= Gwen Hennessey =

American Catholic nun and peace activist (born 1932)

Gwen Hennessey, O.S.F., (born 1932) is an American Catholic Franciscan Sister and peace activist, most widely known for her protests against the School of the Americas.

==Biography==
Hennessey was born on September 29, 1932, on a farm in Buchanan County, Iowa. Her parents were Anna Killias Hennessey and Maurice Hennessey. She was the thirteenth of fifteen children born to her parents. Their parents modeled generosity to the poor, sheltering tramps who needed food during the depression. Several of Hennessey's siblings would go on to have religious vocations. Her older sisters Dorothy and Miriam became Franciscan nuns, and her brother Ron Hennessey became a priest.

Hennessey graduated from St Patrick's school in Ryan, Iowa, in 1948. She took a year off from school to help her mother, then attended college at Briar Cliff College in Sioux City, where she earned a degree in education and English literature. She joined the Franciscan order in 1956.

She took part in a protest march in the 1960s in Antioch, Illinois. African Americans were banned from the city, and Martin Luther King Jr. was marching with her. She also helped Cesar Chavez, leader of the United Farm Workers, organize migrant workers in California.

Hennessey taught in Chicago, Illinois, and studied at the Jesuit School of Theology in Chicago (JSTC). While living in Chicago, she began to participate in the nuclear disarmament movement as a member of the grassroots activist organization, Clergy and Laity Concerned (CALC). Established in 1965 to organize religious leaders against the Vietnam war, by the 1970s CLAC had broadened to address a range of social justice issues, including the proliferation of nuclear weapons.

Hennessey returned to Iowa in the 1980s where she helped establish the Catholic Peace Ministry, in Des Moines, and continued to be active in a variety of peace related activities. She then moved to New York City where she earned a master's degree from the Maryknoll School of Theology in New York, and worked as co-director of the Maura Clarke/Ita Ford Center. She later worked at the Appalachian Office of Justice and Peace, before returning to Dubuque, Iowa.

Hennessey began serving as the live-in director of the Clare Guest House, in Sioux City, in 2005.

== School of the Americas Protest ==
In the 1990s, Hennessey became involved the School of the Americas Watch, through her brother Ron, who served as a missionary in Latin America from 1964 until his death in 1999. She joined protests at Fort Benning, Georgia, home of the Army's School of the Americas, a facility for training Latin American soldiers.
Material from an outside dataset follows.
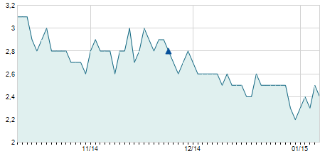 | 14/09/2020 | -0,70 / -2,62% | 26,00 | 26,10 | 26,00 | 26,00 | 26,01 | 22,31 | 3.100 |   |

Protesters had targeted the military training program because they believed instructors taught torture techniques to Latin American military leaders and soldiers. Graduates of the program had been accused of several high-profile atrocities, including the 1989 murders of six Jesuit priests and two women in El Salvador. The school denied these claims and argued that it helped to spread democracy in Latin America.

Hennessey protested repeatedly at the school, beginning in 1997. In 2000, along with her sister, Dorothy, and 13 other women activists, she was arrested and convicted for trespassing. They, along with 3500 protesters, had participated in a mock funeral procession in front of the school. As this was a repeat offense, and after refusing a lighter punishment, she was sentenced to six months in jail. She served the full sentence at the Federal Prison Camp [FPC] in Pekin, Illinois. Her sister Dorothy, at age 88, also refused a lighter sentence of house arrest, and was given a six-month jail term. She served for forty five days at the federal camp, then was moved to Elm Street Correctional Facility in Dubuque, Iowa. She was later assigned to do community service caring for people living with AIDS, in Cedar Rapids, Iowa.

Protests against the school garnered lots of publicity and the school was closed in 2000. It re-opened under the new name of Western Hemisphere Institute for Security Cooperation (WHISC).

== Awards ==
In 1997, Hennessey was given the Bishop Dingman Peace Award by Catholic Peace Ministry. Iowa senator Tom Harkin was the keynote speaker at the award program.

In 2002, Gwen and Dorothy Hennessey were awarded the Pacem in Terris Award by the Davenport Catholic Interracial Council. The award was named after a 1963 encyclical letter by Pope John XXIII that calls upon all people of good will to secure peace among all nations. Pacem in terris is Latin for 'Peace on Earth'.